Ophthalmoplegic “migraine” (OM) is diagnosed when migraine attacks are followed within 4 days by paresis of one or more of C3, C4, and C6 nerves (mostly C3) in the absence of demonstrable intracranial lesion other than MRI changes involving the affected nerve. Ophthalmoplegic migraine is a rare neurologic syndrome characterized by recurrent bouts of head pain and ophthalmoplegia. The third cranial nerve is most commonly affected, in which case mydriasis and ptosis can also be observed. Ophthalmoplegic migraine is a rare neurologic syndrome characterized by recurrent bouts of head pain and ophthalmoplegia. The third cranial nerve is most commonly affected, in which case mydriasis and ptosis can also be observed.
Other possible diagnoses that were considered include multiple sclerosis, carcinomatous meningitis, viral meningitis, the MillerFisher variant of Guillain-Barr syndrome, diabetes mellitus, Tolosa-Hunt syndrome, aneurysm, myasthenia gravis and thyroiddysfunction.
None of these diagnoses seemed particularly plausible when considering the overall picture. The horizontalnystagmus in the left eye that resolved over several days could in fact represent a partial abducens palsy with the nystagmuson abduction reflecting weakness.
Although rare, multiple ocular motor nerve involvement has been reported inophthalmoplegic migraine. There is little documentation of the use of magnetic resonance imaging as correlative evidencefor the diagnosis of ophthalmoplegic migraine.
A recent report describes 11 patients with gadolinium enhancement ofthe cisternal segment of the III nerve with MRI scanning. Seven of these elevenpatients actually had III nerve palsies and except for those patients with neurofibromatosis all those patients withunilateral enhancement had ipsi-lateral III nerve palsies.Ophthalmoplegic migraine is a rare neurologic syndrome characterized by recurrent bouts of head pain and ophthalmoplegia.
The third cranial nerve is most commonly affected, in which case mydriasis and ptosis can also be observed. The persistence of Adie's pupil after remission from ophthalmoplegic migraines in this patient was similar to two reported cases: one patient (20) exhibited transient Adie's pupil associated with migraine with aura, and another manifested a permanent deficit of the third cranial nerve after an ophthalmoplegic-migraine attack.

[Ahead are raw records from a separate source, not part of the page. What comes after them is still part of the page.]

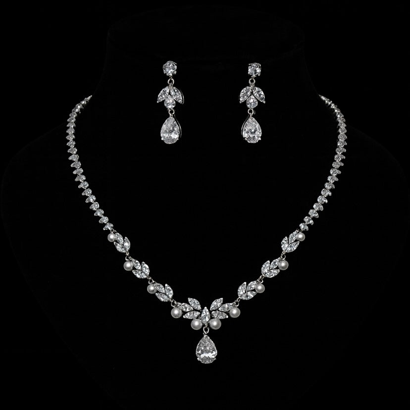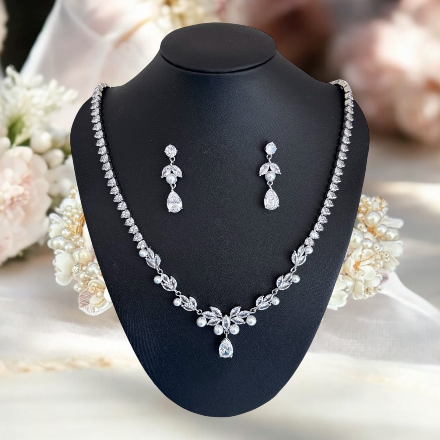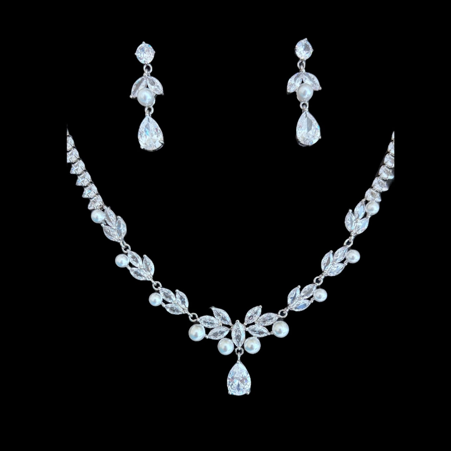 This exquisite bridal jewellery set features a sparkling crystal and pearl necklace and matching teardrop earrings, designed to add timeless glamour to your wedding day. The necklace is delicately crafted with marquise-cut stones and delicate pearls arranged in a graceful floral motif, finished with a dazzling teardrop pendant. The coordinating drop earrings complete the look with effortless elegance.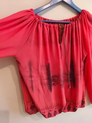 Camisa de manga larga con un diseño bordado en el frente y las mangas. Muy favorecedora y ponible -Es una XS pero sirve para una S también. -Cuello redondo. - Cierre en la parte trasera del cuello.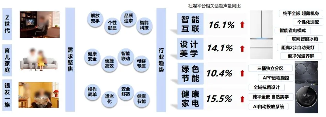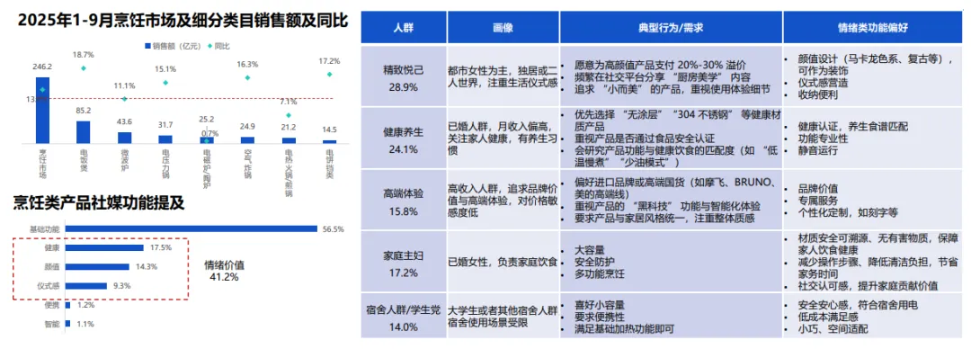 健康功能带动烹饪家电增长,低油、除菌成标配,空气炸锅、蒸烤箱渗透率提升。不同人群对情绪卖点需求不同,Z世代重颜值、中年重效率、银发族重便捷。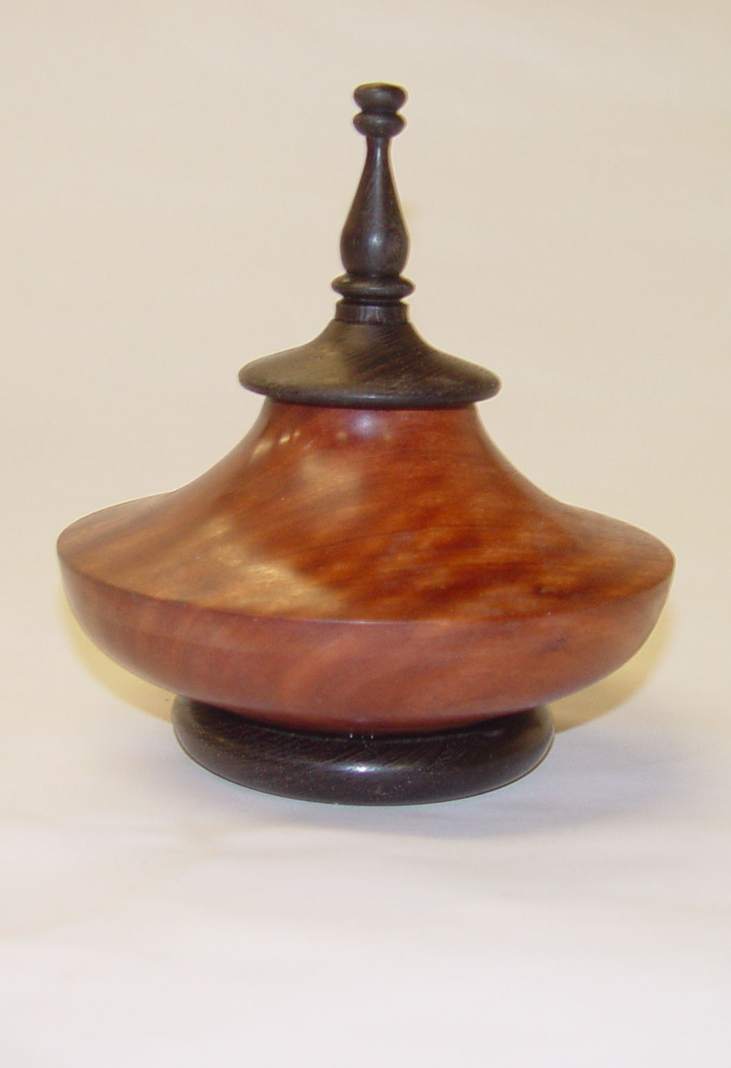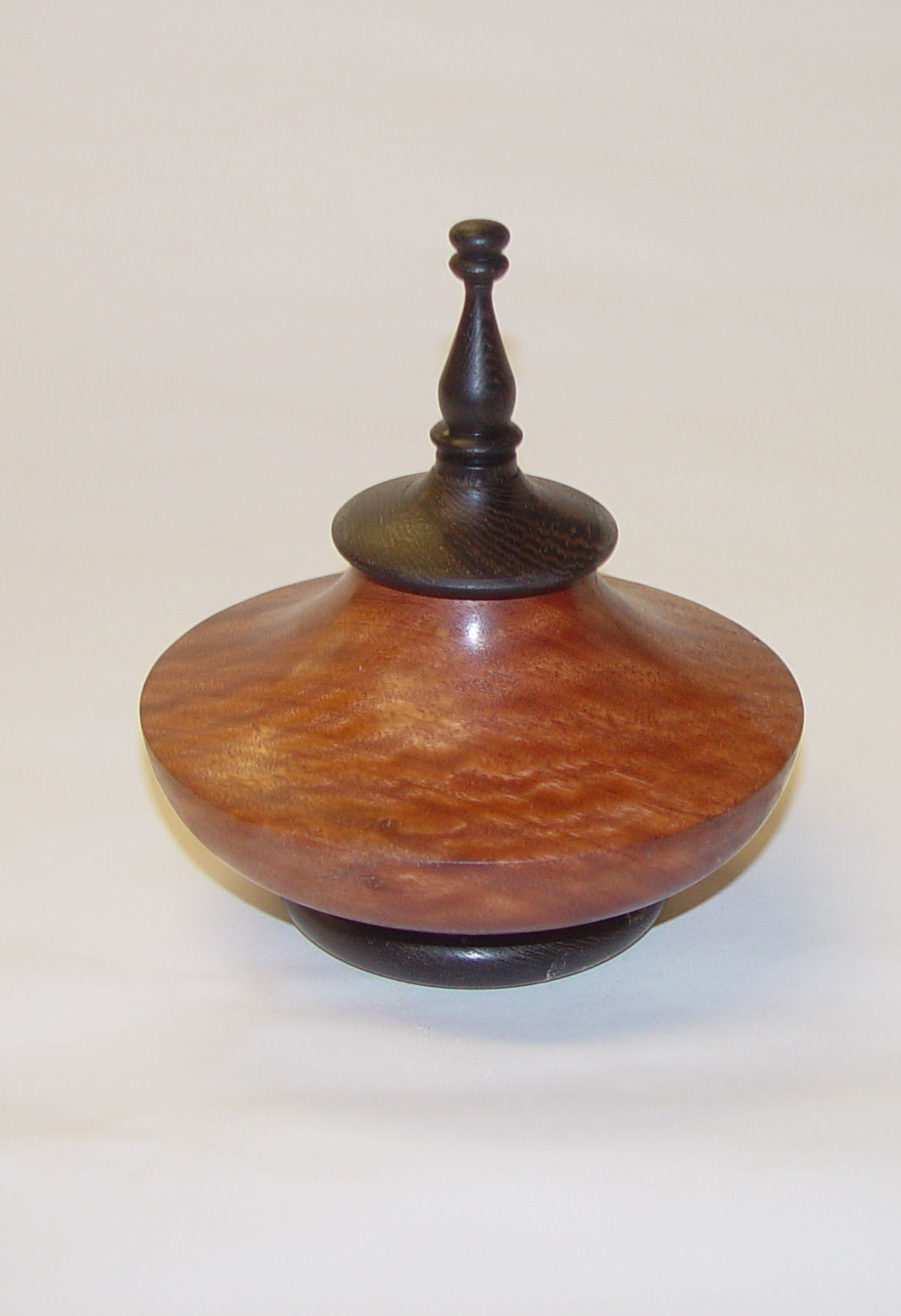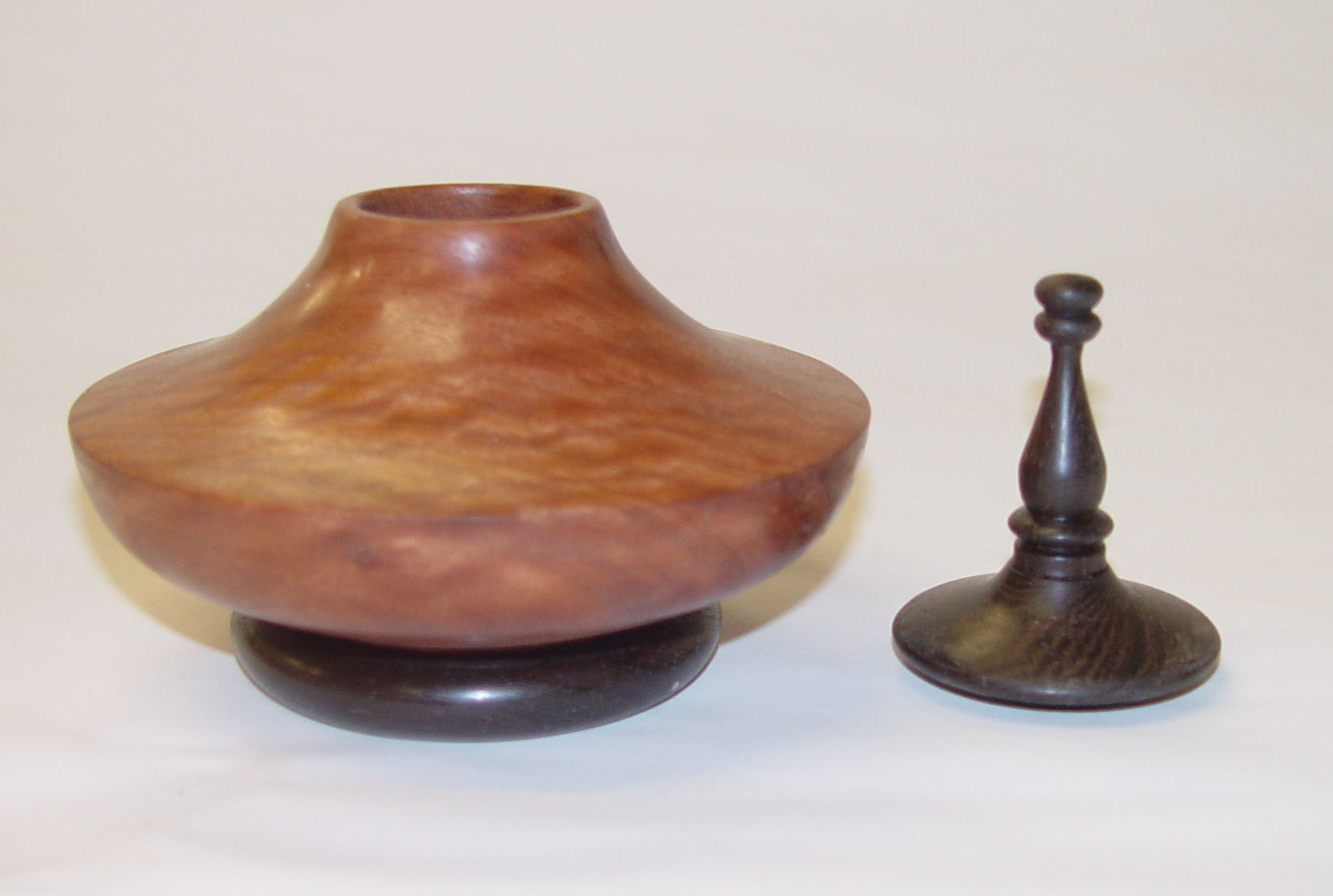 This is an urn made from eucalyptus burl and wenge. It was a birthday present for my wife. Finished with tung oil and paste wax.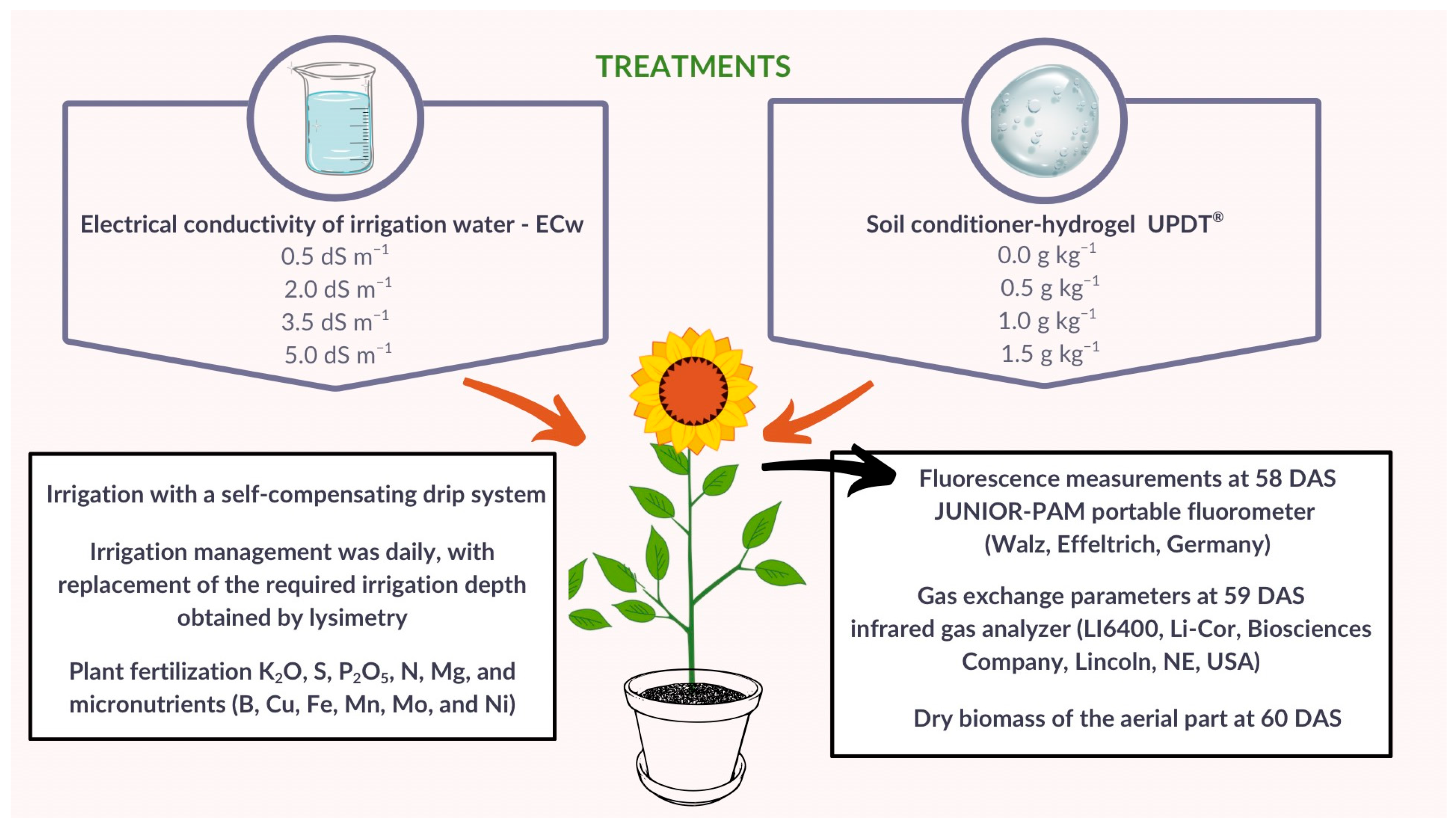 APA StyleMarques, P. A. A., Martins, J. B., Santos Júnior, J. A., Gomes, T. M., Coelho, R. D., Fritsche-Neto, R., & Villa e Vila, V. (2025). Hydrogel Soil Conditioner as an Input for Ornamental Sunflower Production Under Saline Water Irrigation: An Alternative Use for Low-Quality Water. AgriEngineering, 7(10), 344. https://doi.org/10.3390/agriengineering7100344

Cranial nerve disorders are uncommon disease conditions encountered in pediatric patients, and can be categorized as congenital, inflammatory, traumatic, or tumorous conditions that involve the cranial nerve itself or propagation of the disorder from adjacent organs.
Ophthalmoplegic ‘migraine’ incidence was rare in the general population, more happened in children, with incidence of per 1,, in general population. Different pathogenesis is postulated currently including, ischemia, compressive and.
Ophthalmoplegic migraine is very rare. One similar report was identified in the literature. 1. Differential diagnoses include neoplasm, aneurysm, carotid dissection, temporal arteritis, sarcoidosis, Tolosa-Hunt syndrome, and infectious etiologies.
In fact, about two-thirds of patients with ophthalmoplegic migraine involving the oculomotor nerve have at least partial pupillary sparing [9, 22]. Vijayan [ 22 ] reported on a patient with OM and oculomotor palsy with pupillary sparing and suggested a possible ischemic mechanism.